→ **RECORDS FOR THE EXERCISE**:
☆ ☆ ☆ ☆

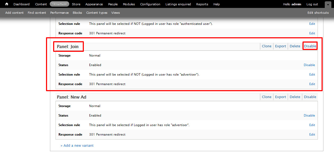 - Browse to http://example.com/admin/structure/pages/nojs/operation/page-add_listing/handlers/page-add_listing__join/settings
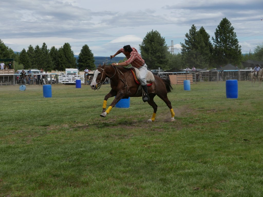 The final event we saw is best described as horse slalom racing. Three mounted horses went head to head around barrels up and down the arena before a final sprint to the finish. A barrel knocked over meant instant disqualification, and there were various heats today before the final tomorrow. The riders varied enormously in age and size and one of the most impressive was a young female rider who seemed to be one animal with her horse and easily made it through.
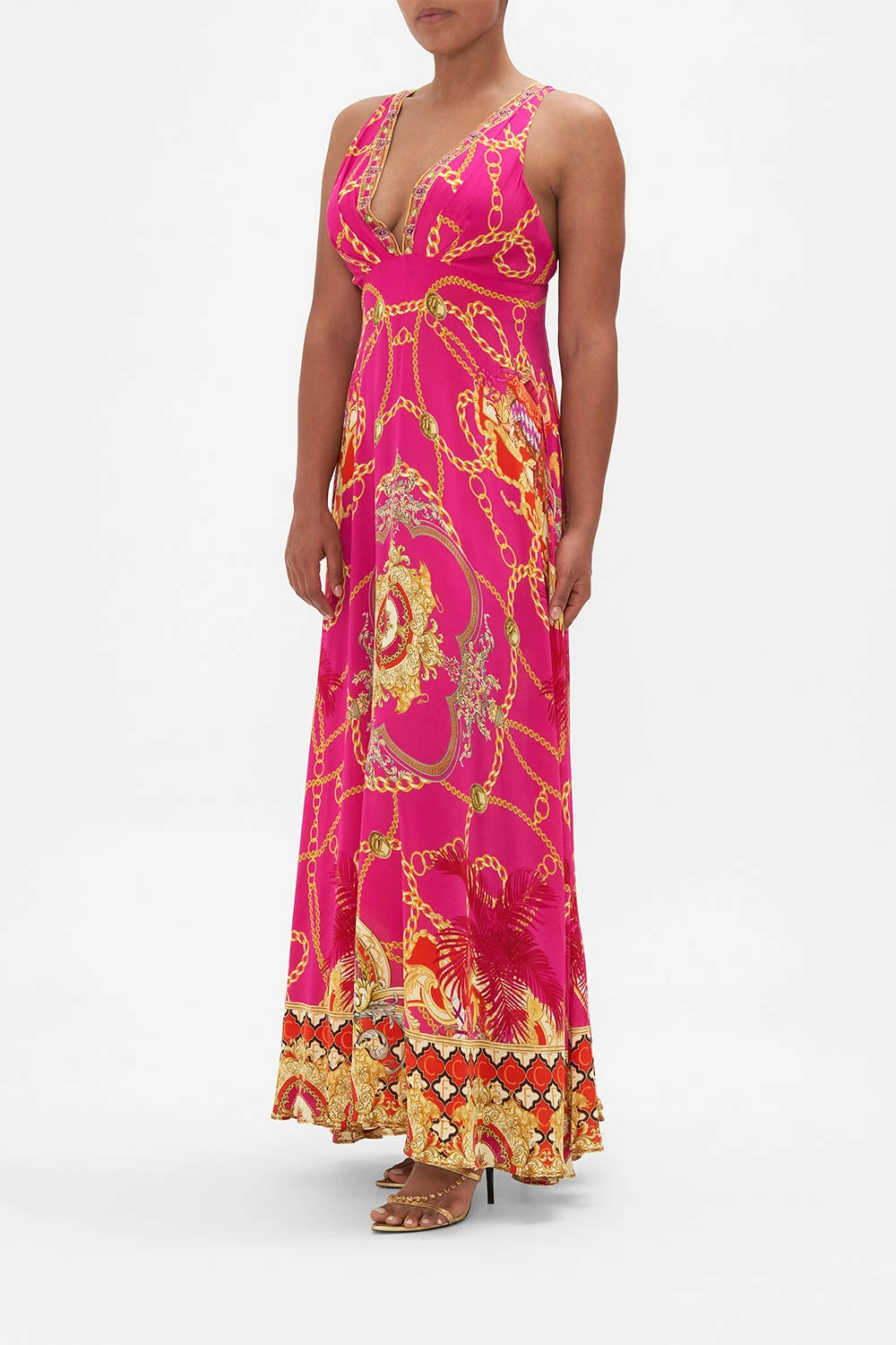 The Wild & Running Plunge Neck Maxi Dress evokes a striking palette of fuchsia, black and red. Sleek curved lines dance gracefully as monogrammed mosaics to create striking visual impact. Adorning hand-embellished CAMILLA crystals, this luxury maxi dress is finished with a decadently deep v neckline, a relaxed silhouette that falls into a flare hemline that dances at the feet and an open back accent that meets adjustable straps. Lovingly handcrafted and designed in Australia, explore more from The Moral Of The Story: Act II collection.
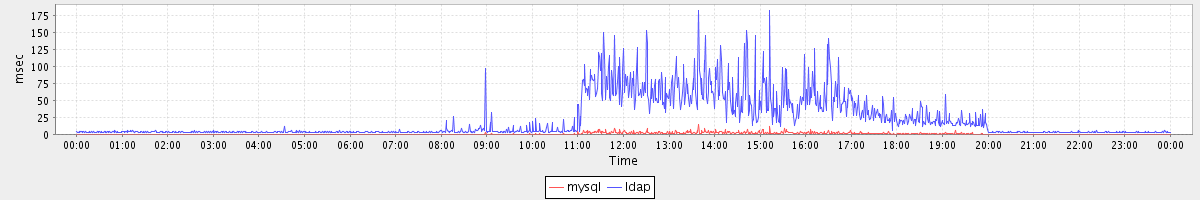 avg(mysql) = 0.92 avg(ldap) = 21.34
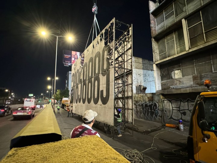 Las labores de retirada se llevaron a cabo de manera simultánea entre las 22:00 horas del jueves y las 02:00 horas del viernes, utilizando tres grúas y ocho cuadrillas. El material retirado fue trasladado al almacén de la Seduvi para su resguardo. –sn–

☆ ☆ ☆ ☆

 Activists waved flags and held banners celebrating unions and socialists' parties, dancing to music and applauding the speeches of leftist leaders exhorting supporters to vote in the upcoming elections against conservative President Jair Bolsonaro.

☆ ☆ ☆ ☆

→ **WHAT IS BEING ASKED**: Could you write out exactly the lines of the data above that run from the one holding "The Wild & Running" to the one holding "Las labores de", with both ends in and all pictures out?

→ **THE ANSWER**:
 The Wild & Running Plunge Neck Maxi Dress evokes a striking palette of fuchsia, black and red. Sleek curved lines dance gracefully as monogrammed mosaics to create striking visual impact. Adorning hand-embellished CAMILLA crystals, this luxury maxi dress is finished with a decadently deep v neckline, a relaxed silhouette that falls into a flare hemline that dances at the feet and an open back accent that meets adjustable straps. Lovingly handcrafted and designed in Australia, explore more from The Moral Of The Story: Act II collection.
 avg(mysql) = 0.92 avg(ldap) = 21.34
 Las labores de retirada se llevaron a cabo de manera simultánea entre las 22:00 horas del jueves y las 02:00 horas del viernes, utilizando tres grúas y ocho cuadrillas. El material retirado fue trasladado al almacén de la Seduvi para su resguardo. –sn–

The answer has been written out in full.